When I asked whether there was a version of Ed only he knew, Michael answered without hesitation: “No sunnier human in the world, obvious to us and to people who’ve only just or never met him. No dark side. Psychology had helped erase that, I think, or buffed it smooth.”

Despite the age difference and divergent career arcs, their relationship was intellectually and emotionally symbiotic. “He made me want to be elegant and brainy; I didn’t quite reach that, so it led me to a slightly pastel minimalism,” Michael said. “He made me question my received ideas. He set me free to have sex with whoever I wanted. He vouchsafed my moods when they didn’t wobble off axis. Ultimately, I encouraged him to write more minimalistically, keep up the emotional complexity, and sleep with anyone he wanted to — partly because I wanted to do that too.”

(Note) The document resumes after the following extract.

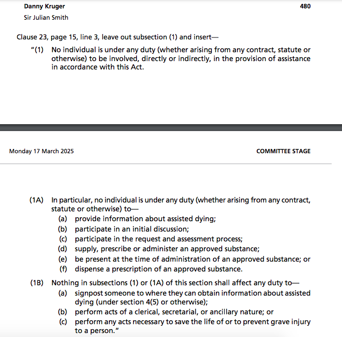 That section of the bill very clearly only refers to *individual* conscientious objection, not institutions such as hospices: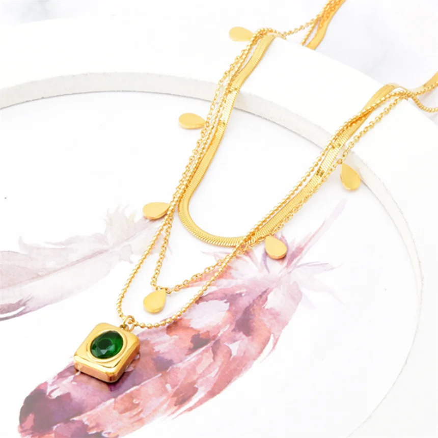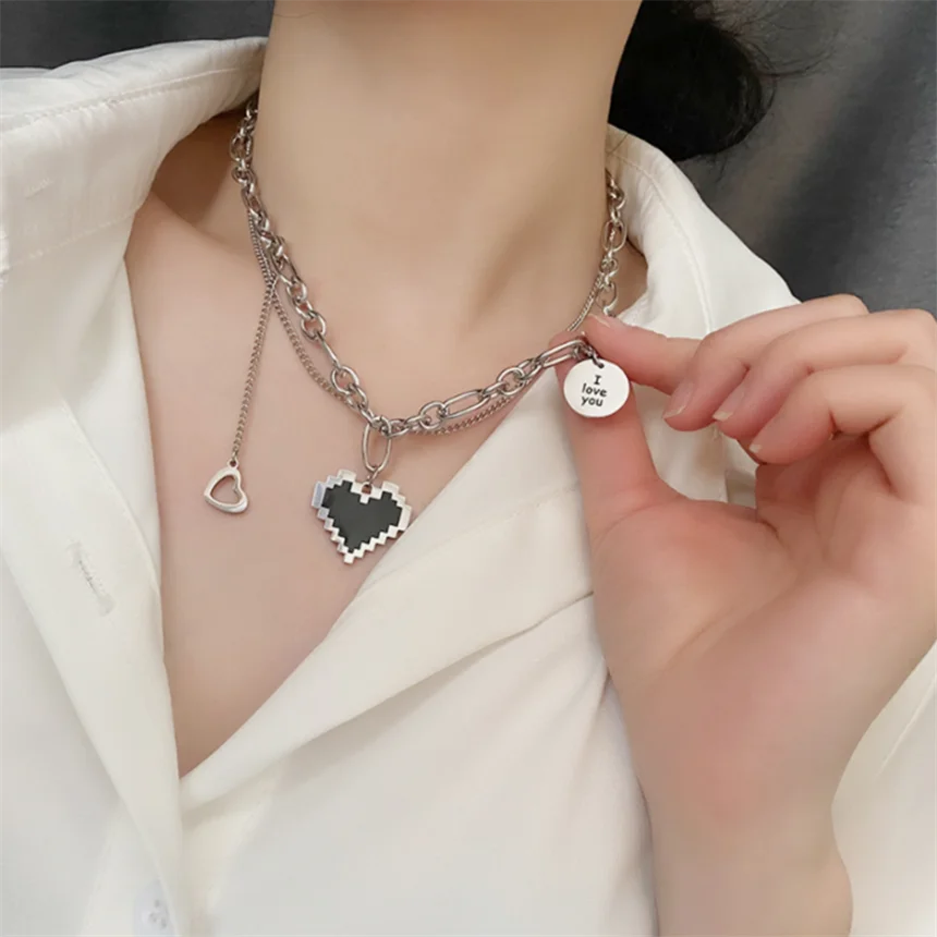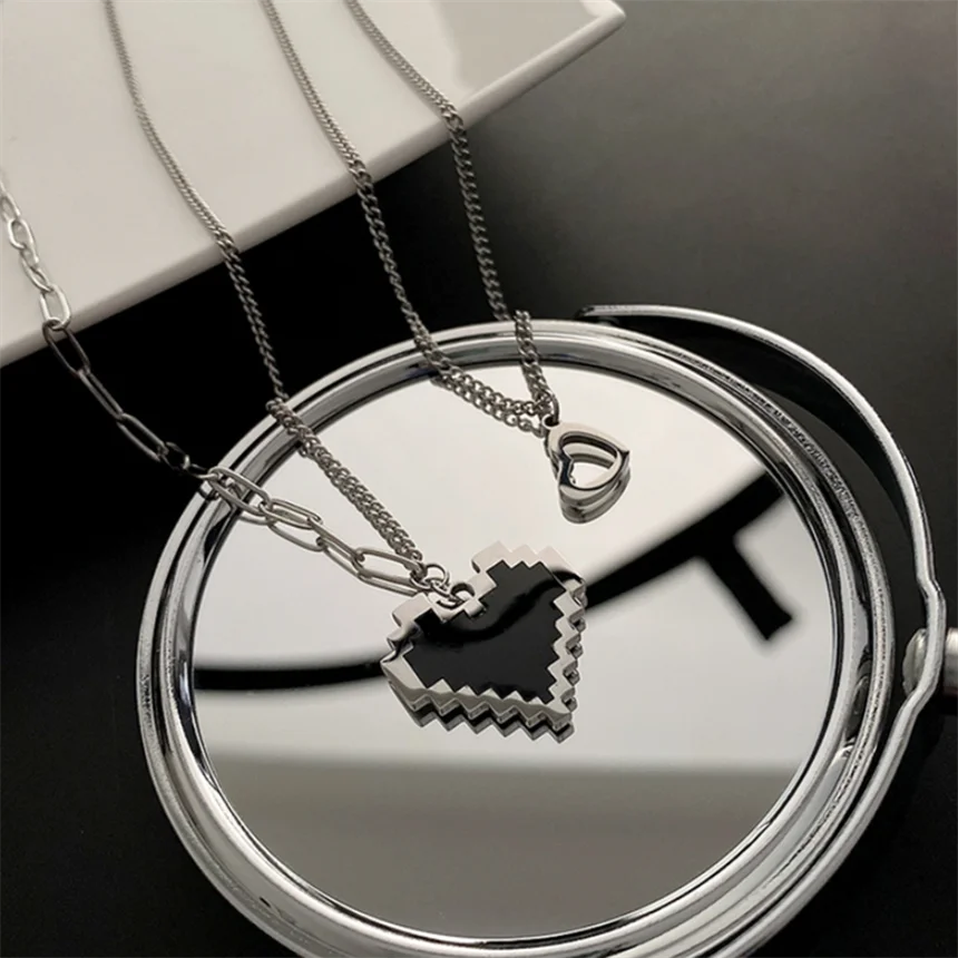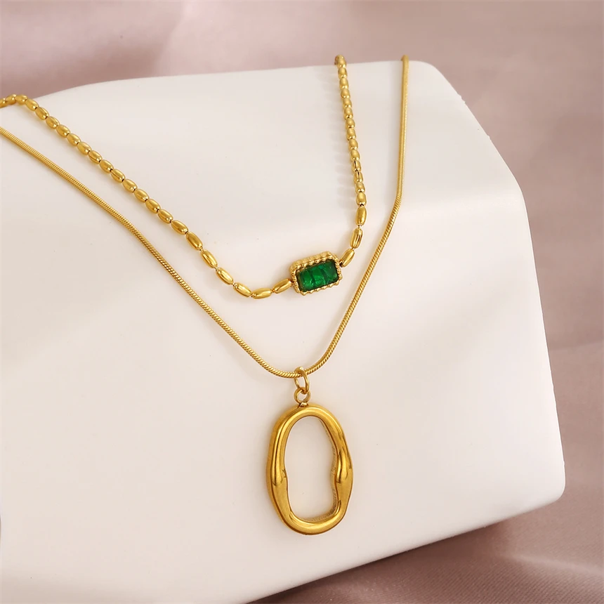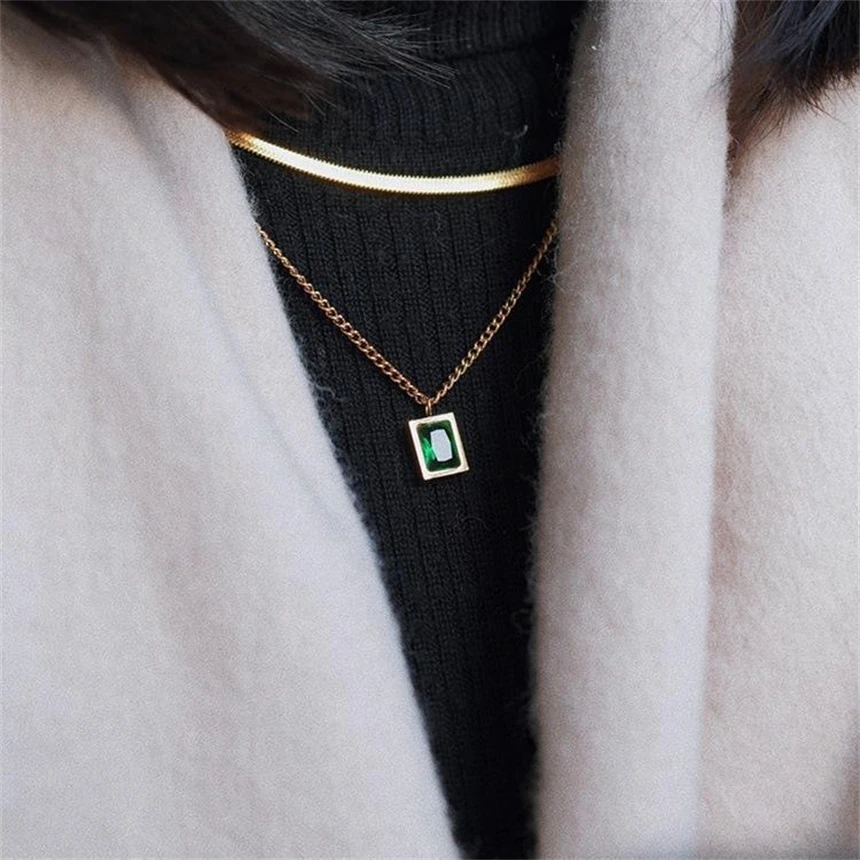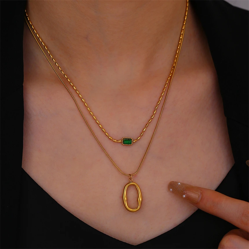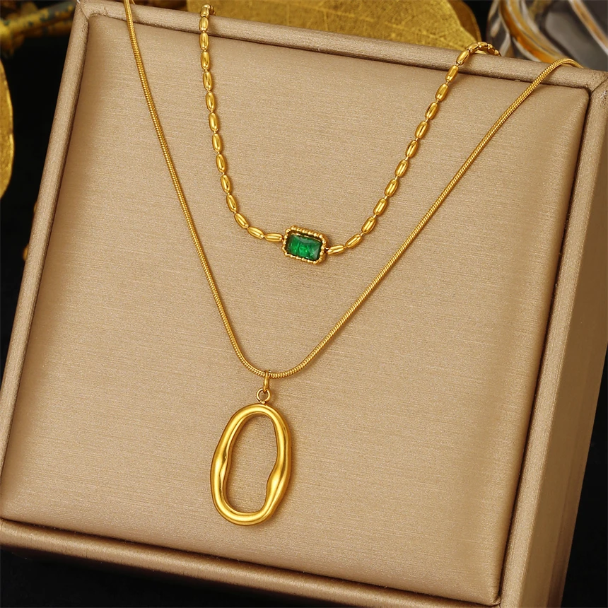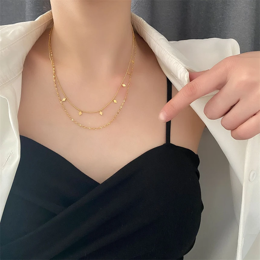 316L Stainless Steel 2 Layer Different Styles Geometry Black Square Pendant Necklace Ladies Fashion High Jewelry Party Gift N413

Fully open, it was a committed relationship that defied conventional categories. Ed once described it as “probably like an 18th-century marriage in France.” Michael elaborated: “It means marriage with strong emotion — or at least a tolerance for one another — but no sex; sex with others. I think.”

That freedom, though, was always anchored in deep devotion and care — and a mutual understanding that went far beyond art, philosophy, or sex. “He believed in freedom and desire,” Michael said, “and the two’s relationship.”

When I asked what all the essays and articles hadn’t yet captured, Michael paused. “Maybe that his writing was tightly knotted, but that his true personality was vulnerable, and that he had the defense mechanisms of cheer and optimism to conceal that vulnerability. But it was in his eyes.”

The moment that captured who Ed was to him came at the end. “When he was dying, his second-to-last sentence (garbled then repeated) was, ‘Don’t forget to pay Merci,’ the cleaning lady coming the next day. We had had a rough day, and I was popping off like a coach or dad about getting angry at his weakness and pushing through it. He took it almost like a pack mule.” 

Edmund White’s work shaped generations — it gave us language for desire, shame, wit, and liberation. But what lingers just as powerfully is the extraordinary life Ed lived with a man who saw him not only as a literary giant but as a real person: sunny, complex, vulnerable, generous.

In the end, Ed’s final words to his husband weren’t about his books or his legacy. They were about care, decency, and love. “You’re good,” he told Michael—a benediction, a farewell, maybe even a thank-you.

And now, as the world celebrates the prolific writer and cultural icon Edmund White, it feels just as important to remember the man and the person who knew him best. Not just the story but the characters who stayed to see it through to the end.